My main hunting partner this winter has been carrying an 30-06 because it is the best rifle he has compared to a 300 win.mag. If I think it will be some long shots I take a 6.5-284, which is set up for real long range. We can have a mix because the area we hunt is in the area around tree line. There is a lot of hunting for big game and we use what we got until we can talk our wives into another gun is really needed. The use of spot lights are not allowed, and the seasons vary from 3 months on some animals up to about 6 months on others. Most of the land we hunt on is either state or federal and there are no fences of any kind. By the way we have no restrictions on firearms except min. caliber or mag. capacity but, we don't spray and pray.


----------



## JAKEAZ

I use a .30-06 i bought it not to long ago for hunting i needed a all around gun something i could take predator hunting as well and deer or elk didnt want to be limited to what i could hunt. I also have a Rem. 870 express and a rugar 10/22 but am always trying to talk my wife into more but im sure everyone does that at least the ones that are married.


----------



## gonzmg

I shoot a .223 i believe it is the best all around round for predators IMHO.
Thanks, Mike


----------



## poe

Well this is kind of a loaded questions haha. If you are calling coyotes and the majority of your shots well be around 50 yards or less a 12 guage well work just find as it can be shot really fast on moving animals.
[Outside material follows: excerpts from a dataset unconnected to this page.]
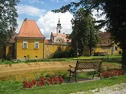 Fala Castle is a castle on the right bank of the Drava River in the southern part of the settlement. It was first mentioned in written documents dating to 1245, but most of the current building, including the castle chapel, dates to the 16th and 17th century with major 19th-century reconstruction.[7] The structure originally belonged to St. Paul's Abbey in the Lavant Valley. It was destroyed by Hungarian forces in 1259, and a new structure was built in 1290. The castle was additionally fortified in the 16th century due to the danger of Ottoman attacks. It was remodeled in the Baroque style in the 17th century, when it also housed a school for priests. The castle came under state ownership with the dissolution of the monastery in 1782, and was then purchased by the Liebmann von Rast family in 1822. A chapel dedicated to Saint Nicholas was part of the castle. The last owners before the Second World War were Count Alfonz Zabeo and his son-in-law Pavel Glančnik. After the war, the castle was nationalized.[4]
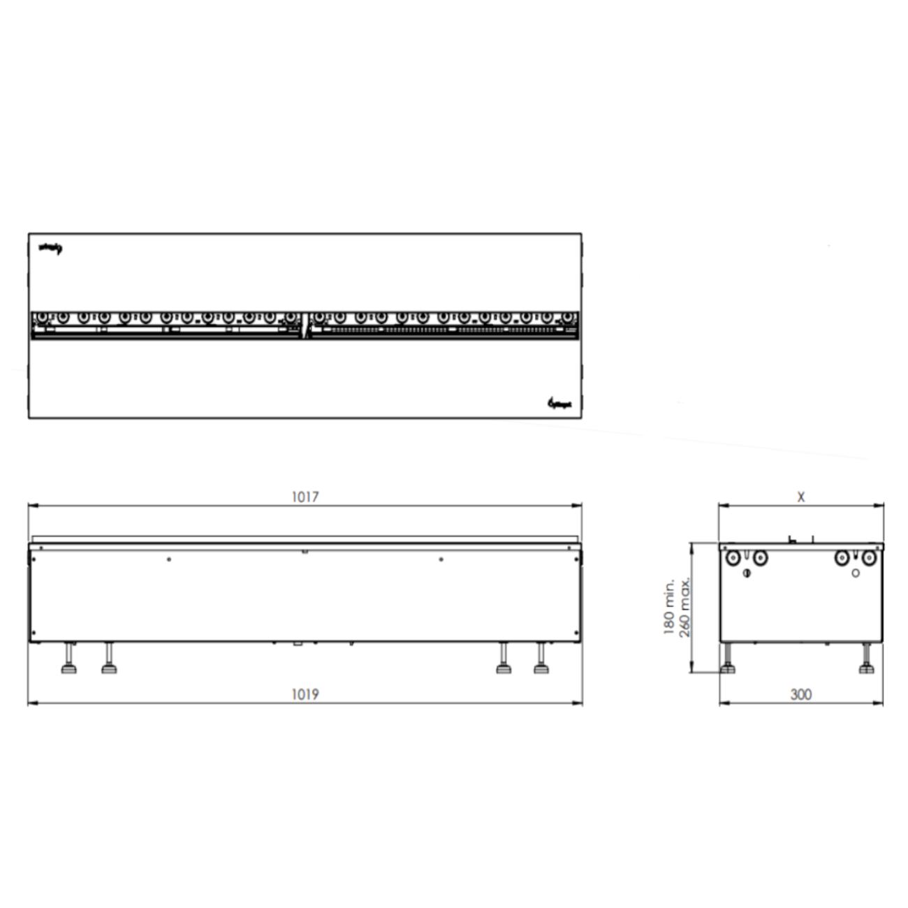📏 Abmessungen: 1019 mm x 300 mm x 180-260 mm (B x T x H)
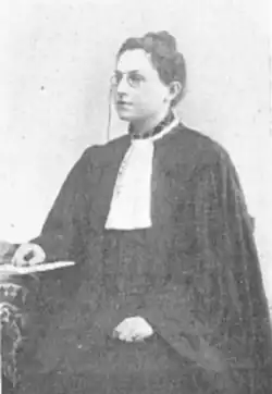 Opting to go to Geneva, where her maternal uncle Zygmunt Miłkowski lived, Joteyko enrolled in the University of Geneva in 1886 to study physical and biological sciences.[2][3] When she arrived in Switzerland, she cut her hair short, wore tailored dresses with a more masculine style, and was rumored to smoke. She met the former high school teacher, Michalina Stefanowska, with whom she established both a personal and professional relationship.[4] After two years of study, Joteyko graduated with a Bachelor of Science degree and briefly returned to Warsaw. In 1889, she and her family moved to Brussels, where Joteyko entered the Faculty of Medicine of the Free University of Brussels.[2][3]

The 17HMR is also a good choice but I would not personally use one much past 100 yards. Coyotes have been taken at farther ranges with this gun but I do not recomed it. If you would like a 17 maybe look into a .17 remington. Easy on hides and I have seen them take down coyotes at 300 yards but they are not real good in bush and shot placement is important. The 204,223,22-250 in my mind all rate close to the same. The .223 and .22-250 are more proven calibres but the popularity of the .204 is really growing fast. If you think that you might like to shoot some deer size game then the .243 win is a good choice. I loaded up some 55 grain balistic silvertips in mine and have been very happy with the results. The majority of the shots have stayed inside the coyotes and killed them dead on the spot. However it might still be a little big if you want to save the hides on a fox. If you don't really care about saving your hides feel free to pull out any rifle over .243 win. The biggest thing to do is find a gun that you are comfortable shooting and that you can shoot well. When shoping for a gun its sometimes better to find a gun that fits you and feels really good and then see what calibre it is. I also feel that a lot of people wory more about there gun and the bullets they shoot and overlook the optics. Your gun could be a tack driver but if your scope won't hold a zero it won't really matter.


----------



## Cur Dog

I am going to go with the 22-250 since I don't own a204 at this time . I had one but a friend talked me out of it.


----------



## PredatorFreak

Its hard to beat the 223 or the 22-250. I don't like to go smaller than that cause I don't like to track them. I like the 243 or 6mm as well they hit a little harder. But I've even used a 7mm remington mag. So its all what you are comfortable shooting take your favorite gun that you trust the most and are comfortable shooting and thats your predator gun. If you were buying a new rifle to get into predator hunting and use it only for that then I would get an AR 15 in a 223 or a 22-250 bolt gun. Oh yeah I shot a yote last elk season with my 300 RUM and that does the trick too there just isn't much pelt left.


----------



## PA Hillbilly

.223 rounds are fairly cheap. I also like my 220 swift.


----------



## rong

+1 on the 22-250 for preds,excellent round


----------



## yotefixer

.17 Rem,silenced ar-15 .223,22-250,25-06,270,308,20ga &12ga


----------



## rick59

Ruger M77 Liberty model 220Swift w/26"BB


----------



## OneShot

I reload, so I have to say the .204. At up to 300 or so yards it has never failed. beyond that I use a .308, again because I reload. Beyond 1000, I call on the.50 because nothing says you care like 750 grains of full bodied flavor!


----------



## youngdon

Good to see yo back amongst us OneShot. That 50 must be a ball to shoot, which make/ model do you have ?


----------



## knapper

mine are the .223, 260 Rem. and a 12 gauge. Some of them are bigger that normal due to the size of some of are predator that we get, also some of the ranges too.


----------



## CO204yoter

For me the choice goes like this 12 ga mossy 835 for close in 204 ruger handi rifle for mid range 223 ar for short to mid range and my 243 savage edge for anything over about 400 yards


----------



## cornstalker

Looks like someone blew the dust off this topic....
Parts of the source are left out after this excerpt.